▶ [DATA SEGMENT]:
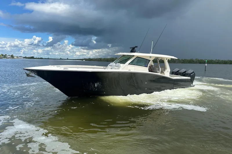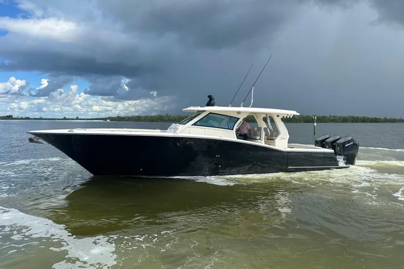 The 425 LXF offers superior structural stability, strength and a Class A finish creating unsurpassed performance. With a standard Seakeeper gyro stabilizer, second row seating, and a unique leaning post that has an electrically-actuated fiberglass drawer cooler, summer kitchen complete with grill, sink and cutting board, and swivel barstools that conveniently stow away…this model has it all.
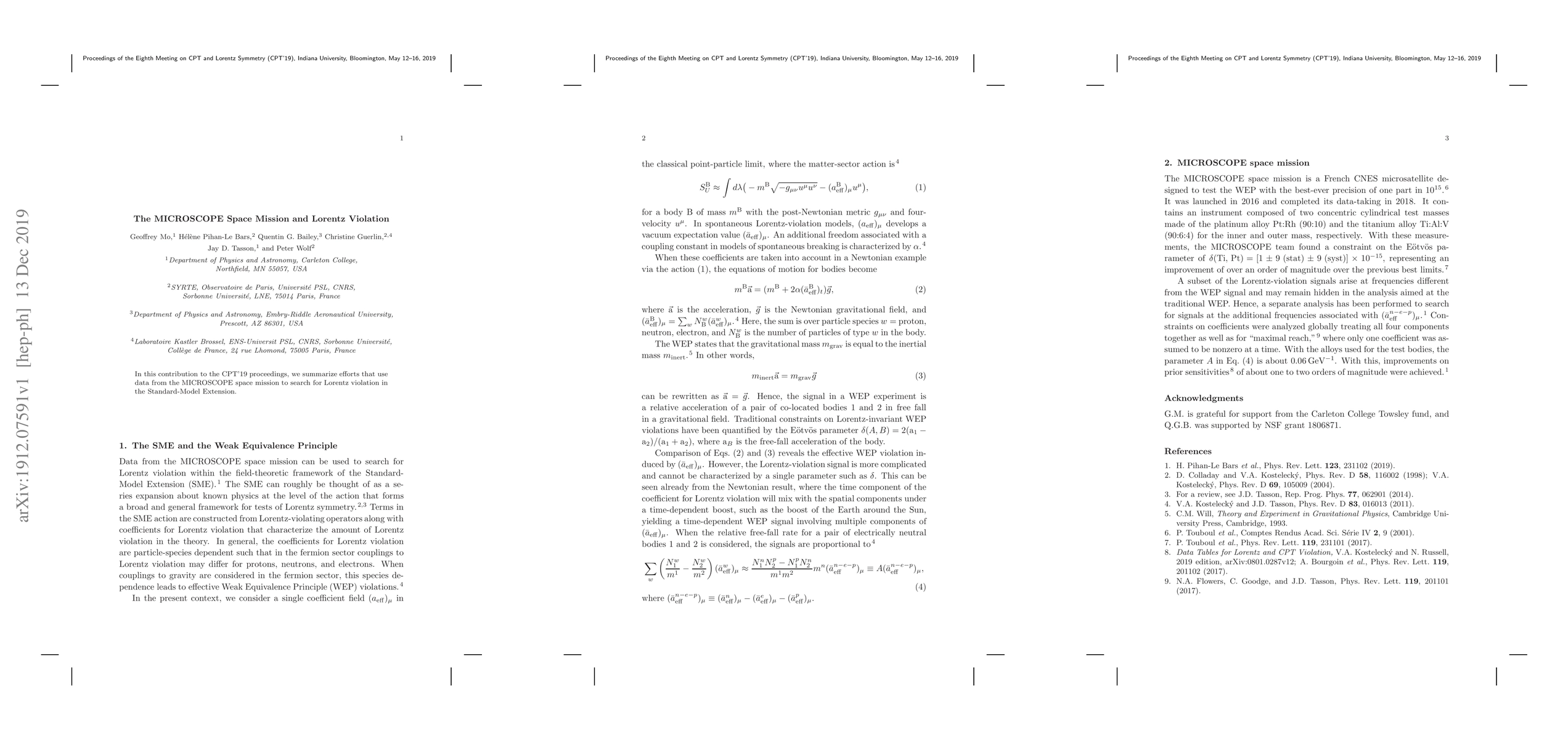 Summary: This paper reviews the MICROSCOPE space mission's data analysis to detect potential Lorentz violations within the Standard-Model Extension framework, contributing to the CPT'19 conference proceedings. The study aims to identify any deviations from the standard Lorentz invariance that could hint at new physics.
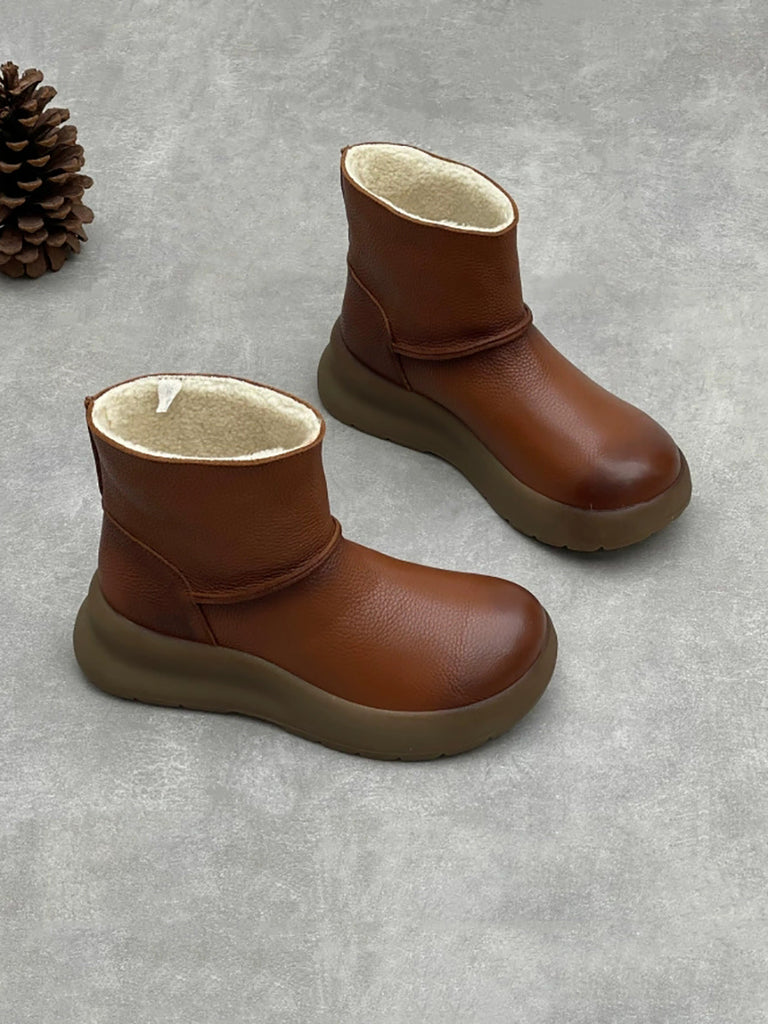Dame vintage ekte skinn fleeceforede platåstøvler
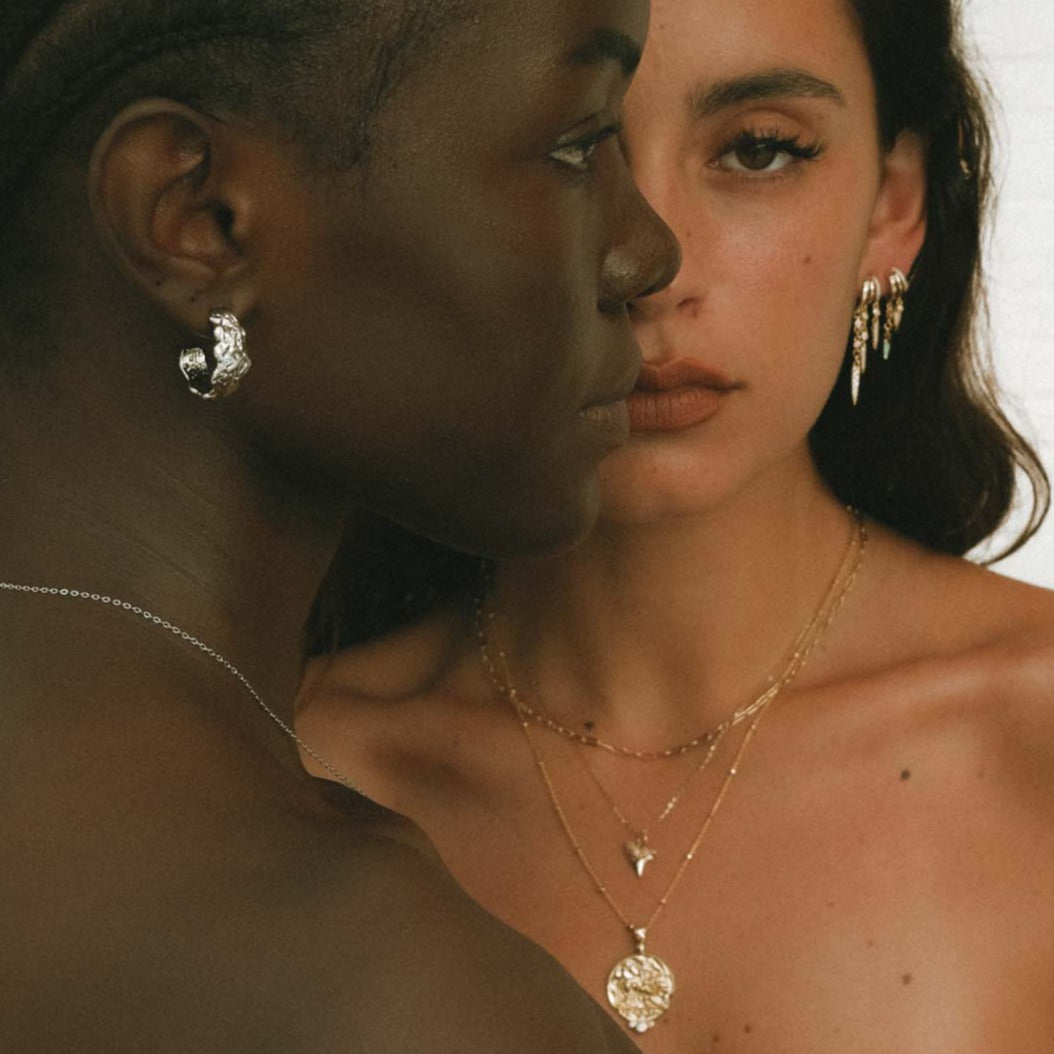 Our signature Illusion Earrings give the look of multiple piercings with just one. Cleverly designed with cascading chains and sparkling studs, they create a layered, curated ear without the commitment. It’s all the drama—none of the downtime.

▶ [WHAT YOU HAVE TO DO]: Each line of the data needs to be output exactly, with any image excluded.

▶ [SOLUTION TO THIS PROBLEM]:
 The 425 LXF offers superior structural stability, strength and a Class A finish creating unsurpassed performance. With a standard Seakeeper gyro stabilizer, second row seating, and a unique leaning post that has an electrically-actuated fiberglass drawer cooler, summer kitchen complete with grill, sink and cutting board, and swivel barstools that conveniently stow away…this model has it all.
 Summary: This paper reviews the MICROSCOPE space mission's data analysis to detect potential Lorentz violations within the Standard-Model Extension framework, contributing to the CPT'19 conference proceedings. The study aims to identify any deviations from the standard Lorentz invariance that could hint at new physics.
Dame vintage ekte skinn fleeceforede platåstøvler
 Our signature Illusion Earrings give the look of multiple piercings with just one. Cleverly designed with cascading chains and sparkling studs, they create a layered, curated ear without the commitment. It’s all the drama—none of the downtime.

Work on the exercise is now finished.